**WHAT TO PRODUCE**
Give again, exactly as written, the lines of the records below from the line with "Вбудований холодильник Gorenje" to the line with "Step back into". Both end lines count; pictures do not.

**SOURCE MATERIAL**

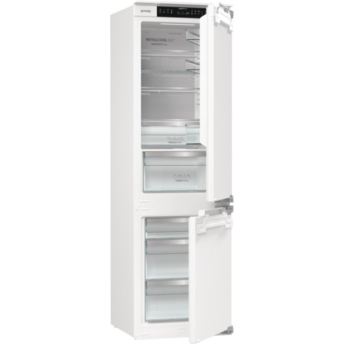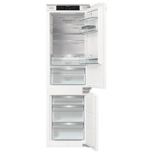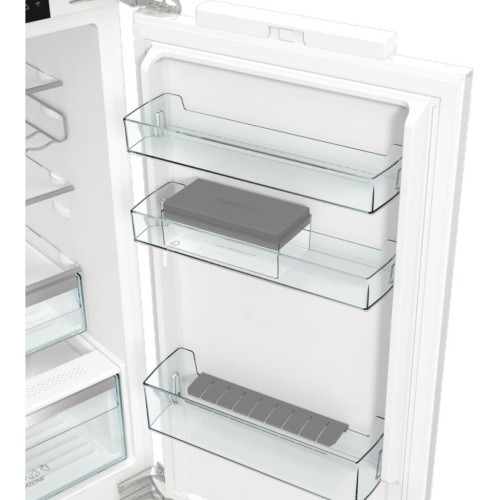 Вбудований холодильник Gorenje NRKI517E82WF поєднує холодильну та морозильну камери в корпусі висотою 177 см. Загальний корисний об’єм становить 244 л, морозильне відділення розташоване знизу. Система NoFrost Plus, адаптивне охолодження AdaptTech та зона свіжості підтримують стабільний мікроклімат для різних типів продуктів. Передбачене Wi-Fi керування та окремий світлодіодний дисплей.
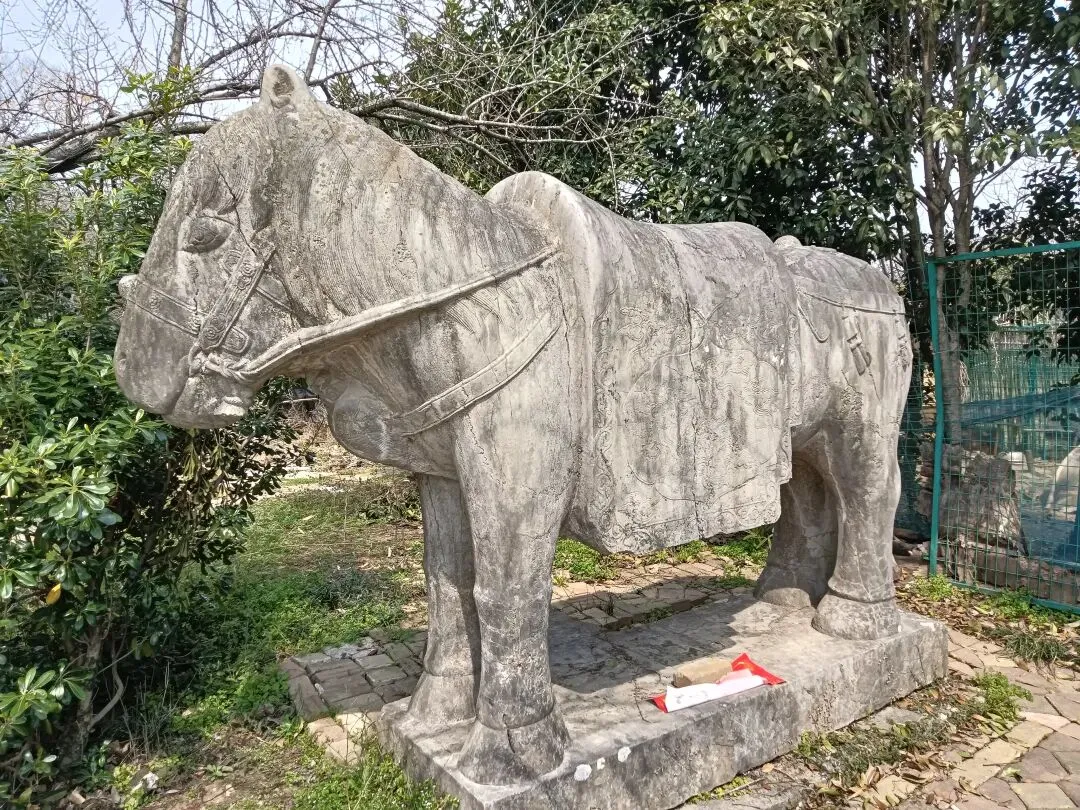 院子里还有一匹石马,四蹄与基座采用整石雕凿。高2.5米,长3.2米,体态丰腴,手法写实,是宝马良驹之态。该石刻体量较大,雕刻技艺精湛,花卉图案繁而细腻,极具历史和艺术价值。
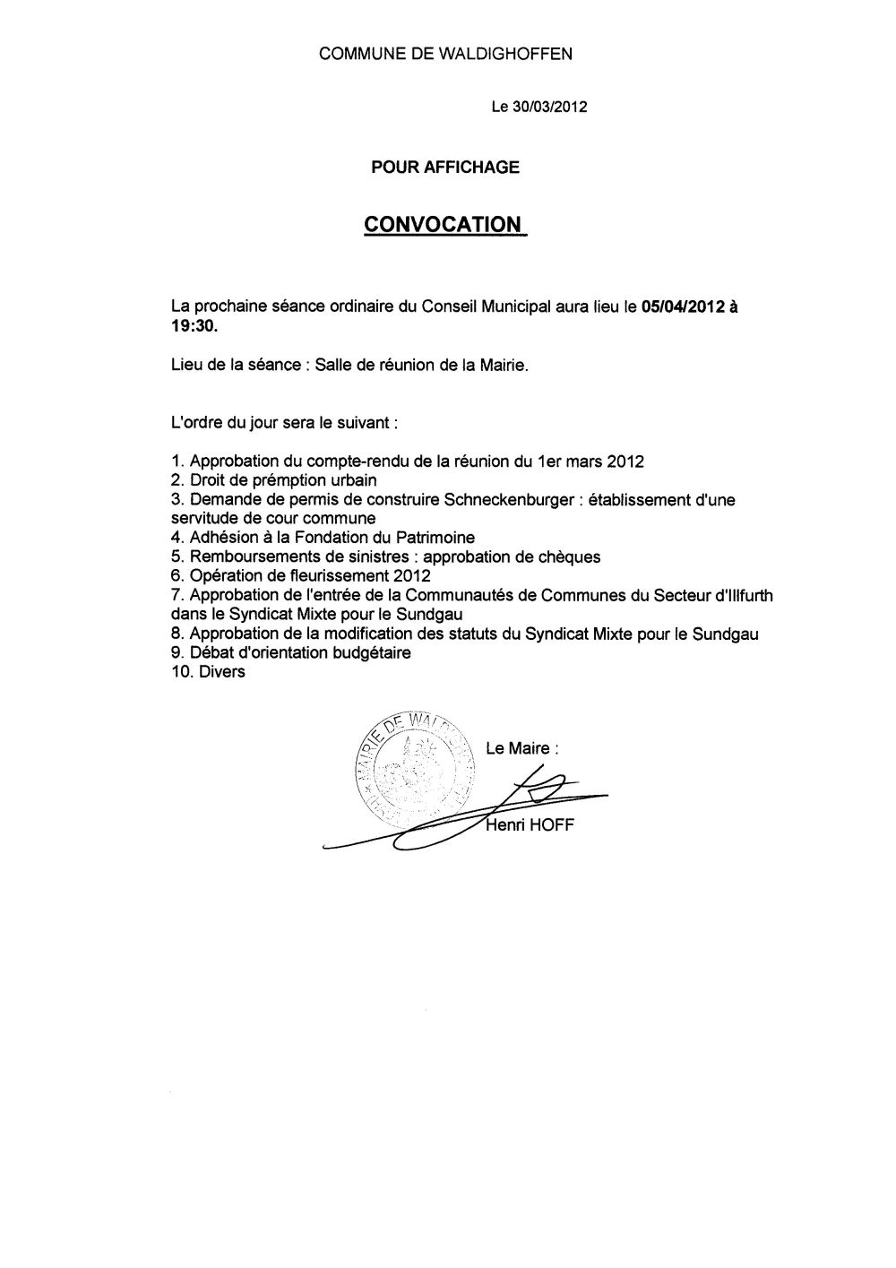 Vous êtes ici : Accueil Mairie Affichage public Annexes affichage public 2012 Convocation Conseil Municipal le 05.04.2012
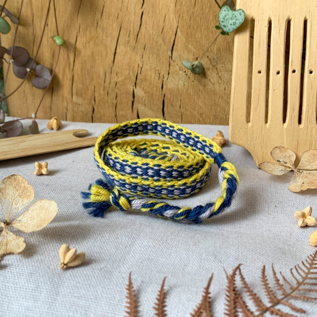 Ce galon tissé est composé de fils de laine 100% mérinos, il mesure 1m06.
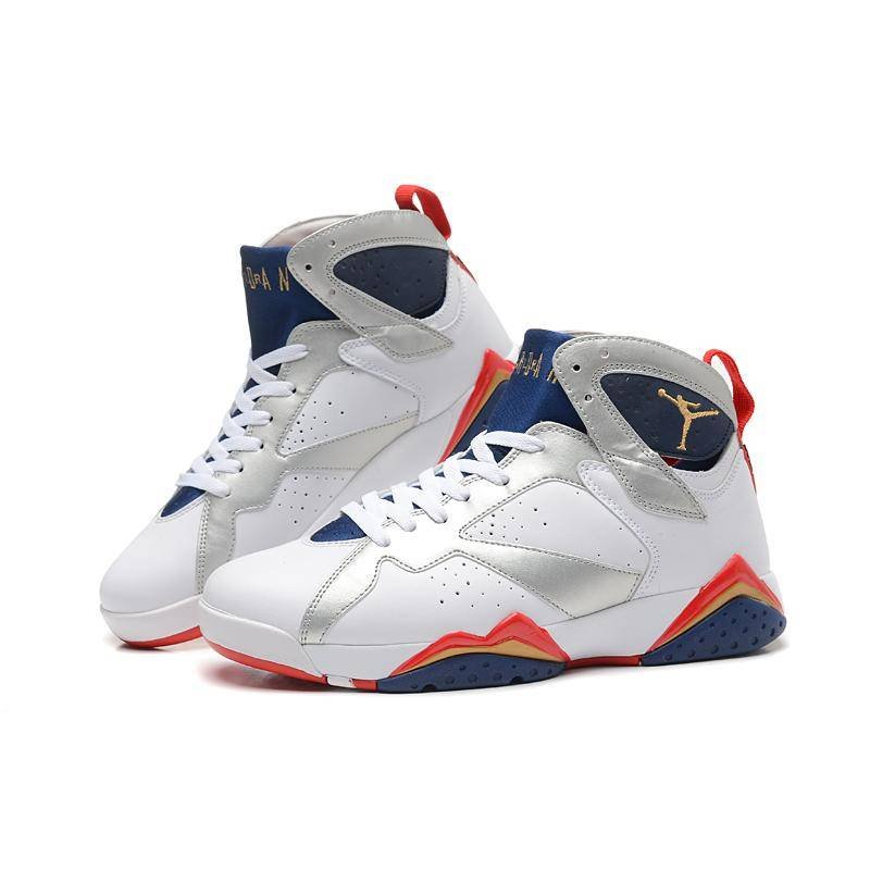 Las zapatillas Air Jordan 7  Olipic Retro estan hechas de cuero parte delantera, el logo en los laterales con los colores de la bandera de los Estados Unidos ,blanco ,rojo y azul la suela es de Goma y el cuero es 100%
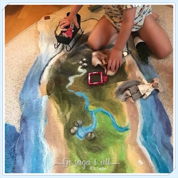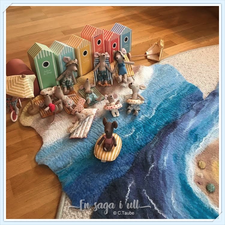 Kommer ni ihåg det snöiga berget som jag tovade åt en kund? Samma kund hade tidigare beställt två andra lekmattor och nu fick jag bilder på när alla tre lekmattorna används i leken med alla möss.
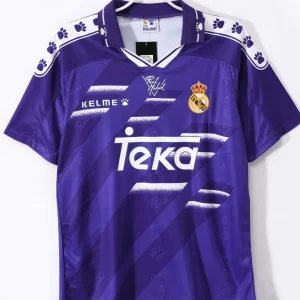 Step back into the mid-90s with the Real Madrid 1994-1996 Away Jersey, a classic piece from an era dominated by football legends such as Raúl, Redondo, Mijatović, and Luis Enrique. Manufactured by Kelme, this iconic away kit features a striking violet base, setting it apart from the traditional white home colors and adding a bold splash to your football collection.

---

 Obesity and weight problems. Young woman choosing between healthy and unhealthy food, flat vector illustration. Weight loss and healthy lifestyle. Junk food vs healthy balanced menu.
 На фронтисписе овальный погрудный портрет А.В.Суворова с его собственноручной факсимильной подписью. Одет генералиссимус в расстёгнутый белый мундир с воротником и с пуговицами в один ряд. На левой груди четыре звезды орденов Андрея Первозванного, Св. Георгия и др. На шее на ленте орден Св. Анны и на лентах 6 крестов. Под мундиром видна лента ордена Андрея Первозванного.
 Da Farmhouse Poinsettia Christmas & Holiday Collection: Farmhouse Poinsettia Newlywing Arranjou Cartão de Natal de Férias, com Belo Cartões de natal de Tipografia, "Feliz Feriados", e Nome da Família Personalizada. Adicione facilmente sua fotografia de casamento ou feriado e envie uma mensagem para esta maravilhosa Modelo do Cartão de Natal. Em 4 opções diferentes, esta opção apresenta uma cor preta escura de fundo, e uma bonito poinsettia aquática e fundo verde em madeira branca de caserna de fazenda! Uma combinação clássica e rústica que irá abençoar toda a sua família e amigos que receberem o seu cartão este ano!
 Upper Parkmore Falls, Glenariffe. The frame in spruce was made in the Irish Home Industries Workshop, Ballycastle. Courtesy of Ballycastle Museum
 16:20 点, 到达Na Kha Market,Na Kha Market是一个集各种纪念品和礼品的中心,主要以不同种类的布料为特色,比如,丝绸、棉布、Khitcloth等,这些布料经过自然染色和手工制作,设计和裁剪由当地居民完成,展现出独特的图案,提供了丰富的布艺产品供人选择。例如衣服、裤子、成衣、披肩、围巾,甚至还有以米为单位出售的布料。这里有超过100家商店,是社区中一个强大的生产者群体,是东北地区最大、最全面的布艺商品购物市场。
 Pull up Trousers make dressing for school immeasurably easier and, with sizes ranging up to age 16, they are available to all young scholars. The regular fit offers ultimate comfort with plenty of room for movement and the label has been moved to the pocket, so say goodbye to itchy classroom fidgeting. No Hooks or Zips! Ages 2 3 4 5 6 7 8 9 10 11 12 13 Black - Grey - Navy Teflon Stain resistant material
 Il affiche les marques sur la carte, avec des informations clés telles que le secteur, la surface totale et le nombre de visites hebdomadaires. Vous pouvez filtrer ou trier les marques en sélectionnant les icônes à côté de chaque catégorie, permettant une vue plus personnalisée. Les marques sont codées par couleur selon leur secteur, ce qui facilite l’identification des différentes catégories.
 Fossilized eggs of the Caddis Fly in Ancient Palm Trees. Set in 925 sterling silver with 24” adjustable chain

...

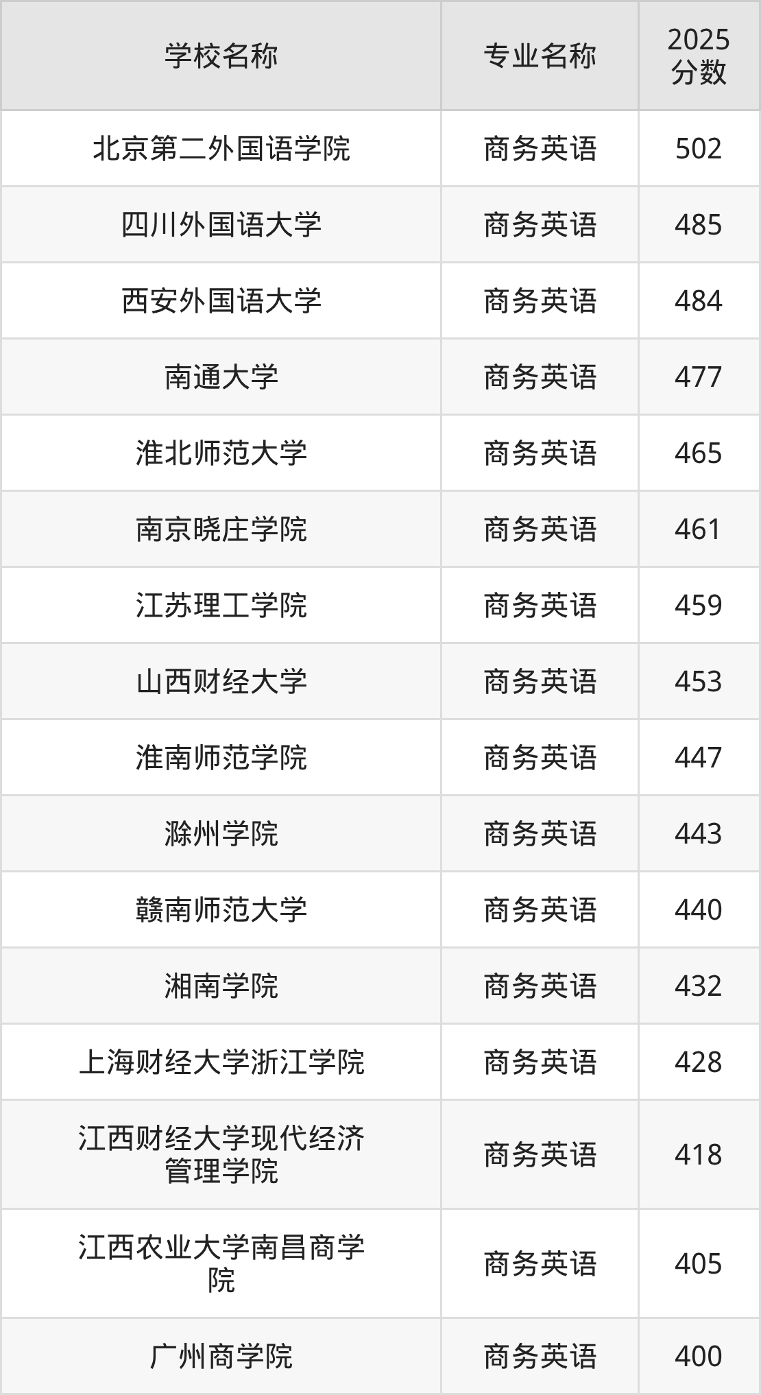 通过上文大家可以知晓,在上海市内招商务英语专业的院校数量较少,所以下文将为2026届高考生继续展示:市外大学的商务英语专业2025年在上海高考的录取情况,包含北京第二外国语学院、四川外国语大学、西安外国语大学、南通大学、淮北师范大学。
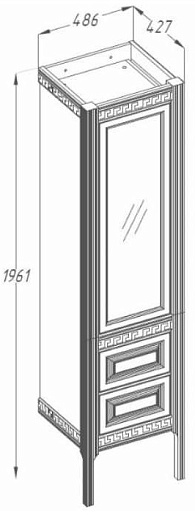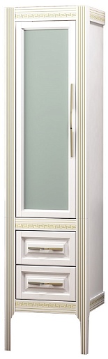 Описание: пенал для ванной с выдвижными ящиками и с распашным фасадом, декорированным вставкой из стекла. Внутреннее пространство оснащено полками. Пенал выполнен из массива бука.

**REPLY TO THE TASK**
 Вбудований холодильник Gorenje NRKI517E82WF поєднує холодильну та морозильну камери в корпусі висотою 177 см. Загальний корисний об’єм становить 244 л, морозильне відділення розташоване знизу. Система NoFrost Plus, адаптивне охолодження AdaptTech та зона свіжості підтримують стабільний мікроклімат для різних типів продуктів. Передбачене Wi-Fi керування та окремий світлодіодний дисплей.
 院子里还有一匹石马,四蹄与基座采用整石雕凿。高2.5米,长3.2米,体态丰腴,手法写实,是宝马良驹之态。该石刻体量较大,雕刻技艺精湛,花卉图案繁而细腻,极具历史和艺术价值。
 Vous êtes ici : Accueil Mairie Affichage public Annexes affichage public 2012 Convocation Conseil Municipal le 05.04.2012
 Ce galon tissé est composé de fils de laine 100% mérinos, il mesure 1m06.
 Las zapatillas Air Jordan 7  Olipic Retro estan hechas de cuero parte delantera, el logo en los laterales con los colores de la bandera de los Estados Unidos ,blanco ,rojo y azul la suela es de Goma y el cuero es 100%
 Kommer ni ihåg det snöiga berget som jag tovade åt en kund? Samma kund hade tidigare beställt två andra lekmattor och nu fick jag bilder på när alla tre lekmattorna används i leken med alla möss.
 Step back into the mid-90s with the Real Madrid 1994-1996 Away Jersey, a classic piece from an era dominated by football legends such as Raúl, Redondo, Mijatović, and Luis Enrique. Manufactured by Kelme, this iconic away kit features a striking violet base, setting it apart from the traditional white home colors and adding a bold splash to your football collection.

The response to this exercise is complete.